Look, I was going to do a whole post about Braid, telling you exactly how awesome it is. It's pretty awesome. I mean, this is a game that rescues babies from burning buildings dinosaurs while simultaneously beating robo-Hitler at Guitar Hero. That's at least nine out of ten awesome stars.

But Braid really can't be described. It's a 2D platformer, but that's clearly not helpful as I despise platformers but love Braid. You control time - you can rewind it, pause it, and do all sorts of other time-related shenanigans. But it's nothing like Prince of Persia and it's whole worlds better than the disappointing TimeShift.

Braid is a game about relationship breakdowns. Seriously. I don't mean metaphorically. It's actually about relationship breakdowns. The protagonist, Tim, likes to take time out from all the running and jumping to muse about how hard it is to pull when you're wearing a wedding ring.

But more to the point, Braid is clever. Not only is every level exquisitely well-constructed, but the game manipulates your expectations about gameplay and progression with a deftness bordering on genius. Rather than feeling like an extension of games you've played before, Braid operates on a whole new plane, giving the impression that it's travelled from some distant future where James Joyce's resurrected corpse designs Mario-clones.

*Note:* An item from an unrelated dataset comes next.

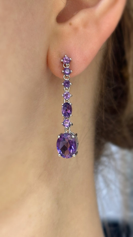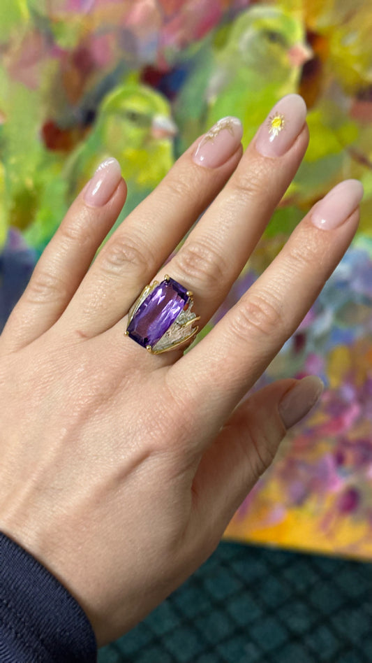 Silver Flower Ring with an Amethyst and Tsavorite Garnets

Even if you're not drawn in by the gameplay and the narrative, and even if you're not blown away by the powerful ending (which will hit you like a punch in the baby-maker), you can't deny that Braid looks and sounds fantastic. Every level is so gorgeous that you'll want to put your monitor up on the wall in a frame, and the music easily equals or exceeds that standard.

Braid is short - maybe five hours, or more if you're shy about FAQs - but that only adds to the appeal. It's a focused, intense experience, with deliberate pacing and a clear conclusion. Much like Portal it knows exactly what it wants to do and gets it done.

This is everything that gaming should be, and it's an excellent showcase for the merits of small-scale downloadable content. If you haven't already coughed up the necessary funds to acquire Braid from XBox Live Arcade then there's probably something wrong with you, and you should consult a doctor immediately.

4 comments:

Grant said...

I mostly agree with what you say, except about Braid not being a self-conscious reworking of pre-existing games. The Super Mario references are a bit too heavily seeded into the game to claim that I think.

It's a brilliant game, and an artfully constructed one, but it's more a post-modern reworking of old game mechanics than something wholly original in its own right.

Shashi said...

I love the artwork and the music (even though I haven't even played through it...yet...>_>). I'd love to see more of this!

Chris said...

Something wrong with me because I haven't downloaded it from Xbox live arcade?

That would be not owning an Xbox 360, I suppose. :D

Greg Tannahill said...

Yes. Clearly you're suffering from a case of PS3-itis, or somesuch.

Although if there's any possibility of this thing being ported to PSN and WiiWare then it should absolutely happen. Braid needs a wider audience.